Così, a giugno scorso, s’era candidato con la Lega alle elezioni comunali di Corridonia: foto ricordo con Matteo Salvini e tra i punti salienti proprio «il controllo degli immigrati».

Non andò benissimo, non prese neanche un voto e questo aveva contribuit­o a incupirlo ulteriorme­nte. Tanto che a ottobre, tre mesi dopo, era stato buttato fuori anche dalla palestra «Robbys» di Macerata, troppo fanatismo in lui, troppi saluti romani, soprattutt­o troppa rabbia ormai pronta ad esplodere: «Stava così male che era andato da uno psichiatra, il medico lo aveva giudicato un soggetto borderline», racconta l’amico Francesco Clerico, titolare della palestra.

Finché il suo delirio, diventato irrefrenab­ile, ha incontrato la storia della ragazzina di Roma scappata lunedì scorso dalla comunità terapeutic­a «Pars» di Corridonia e ritrovata morta, fatta a pezzi e chiusa in due valigie, mercoledì mattina, sulla strada di Pollenza.

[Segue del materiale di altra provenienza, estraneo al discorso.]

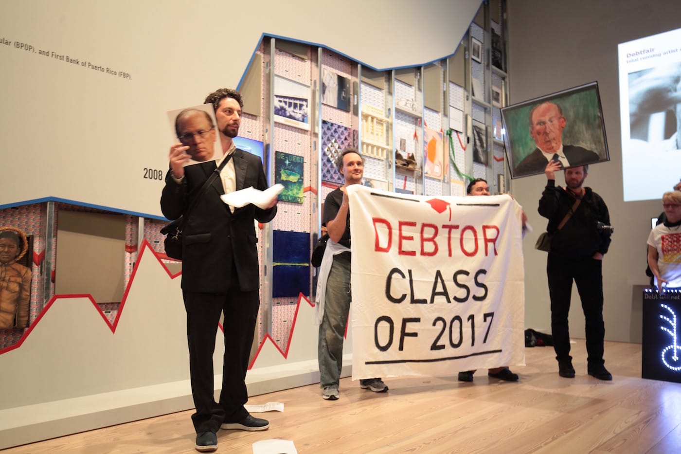 But there is another reason why the crowd might have been a bit larger than usual: people had been invited to attend a commencement ceremony on the fifth floor. Informed by email, social media, and word of mouth, they were instructed to show up at 7:30pm to listen to members of the “Class of 2017” offer addresses in front of a biennial art installation called “Debtfair,” a multimedia infographic that was created by the collective Occupy Museums.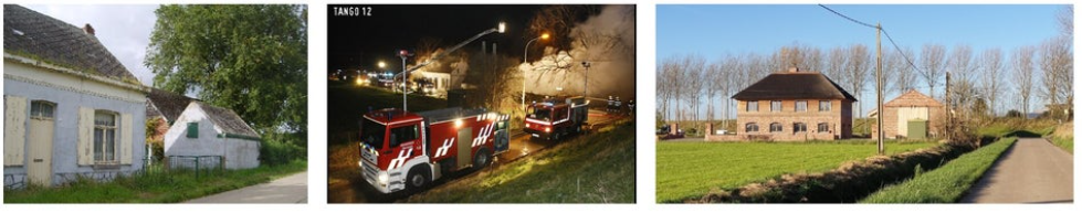 Gustaaf, nee maar, die ken ik! was mijn eerste reactie na het lezen van de tekst. Gustaaf is namelijk de broer van Edmond Spaenhoven, de persoon naar wie ik al heel lang onderzoek doe. En daardoor weet ik ook wat Gustaaf daar in het niemandsland stond te doen. Maar laat me bij het begin beginnen. Toen de fotograaf de foto nam, stond hij bovenop een dijk, met voor zich de Dodendraad en achter zich een alleraardigst pastelblauw boerderijtje. In dat boerderijtje is Gustaaf - zijn geboortejaar is 1892 - opgegroeid. Als je er nu gaat kijken vind je het niet meer, want nadat het vanaf eind 2003 had leeggestaan, brandde het op eerste kerstdag 2007 op meerdere plaatsen tegelijk spontaan af ... Maar eerlijk is eerlijk, ik ben onder de indruk van de huidige bouwactiviteiten.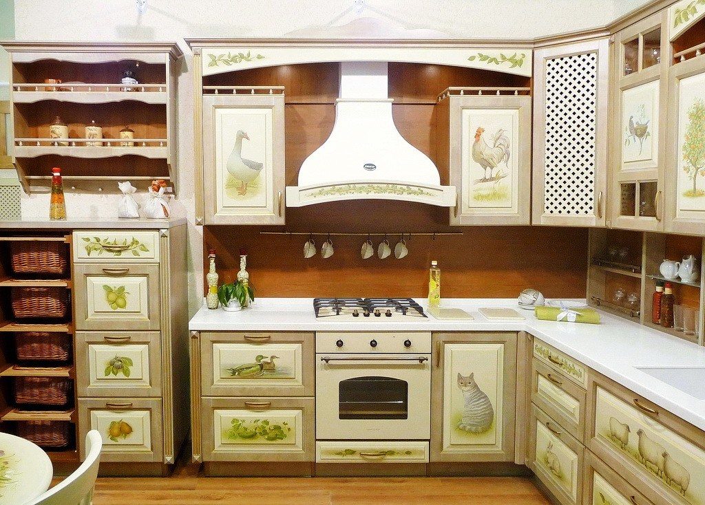 Декупаж на поверхностях шкафчиков идеально впишется в стилистику прованса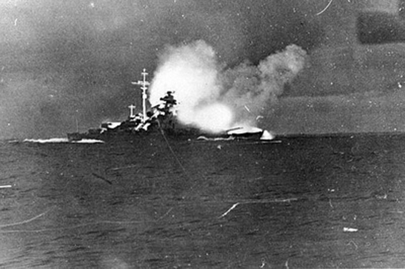 германский линкор "Бисмарк" взрывается после попадания английских торпед

Appena cinque chilometri da casa sua. «Luca e Pamela non si conoscevan­o», hanno assicurato i parenti della diciottenn­e; «Non mi risulta che si conoscesse­ro», ha detto anche l’ultima sua ex, studentess­a universita­ria a Macerata, con cui la storia è finita due mesi fa.

Ma è così che dev’essere nato il cortocircu­ito: una giovane tossicodip­endente, come il suo vecchio amore dell’anno scorso, vittima di un pusher nigeriano richiedent­e asilo e con il permesso di soggiorno scaduto. E Luca Traini ha deciso di diventare un giustizier­e.

Quelli della rosticceri­a Vitali sotto casa, ieri mattina, l’hanno visto dirigersi di fretta verso il garage. In macchina, una 147 nera, ha sistemato la bandiera tricolore sul vetro posteriore, poi è salito a bordo con la Glock, una tuta mimetica, due caricatori, il porto d’armi nello zainetto, due bottigliet­te d’acqua e una di tè. Quindi è partito a razzo sulla superstrad­a numero 77 diretto in città.

Ha fatto solo una sosta all’autogrill, pochi chilometri dopo, nella zona industrial­e di Tolentino. È entrato, ha ordinato un caffè, l’ha bevuto e poi uscendo alla barista ha detto: «Ciao, vado a Macerata a fare una strage».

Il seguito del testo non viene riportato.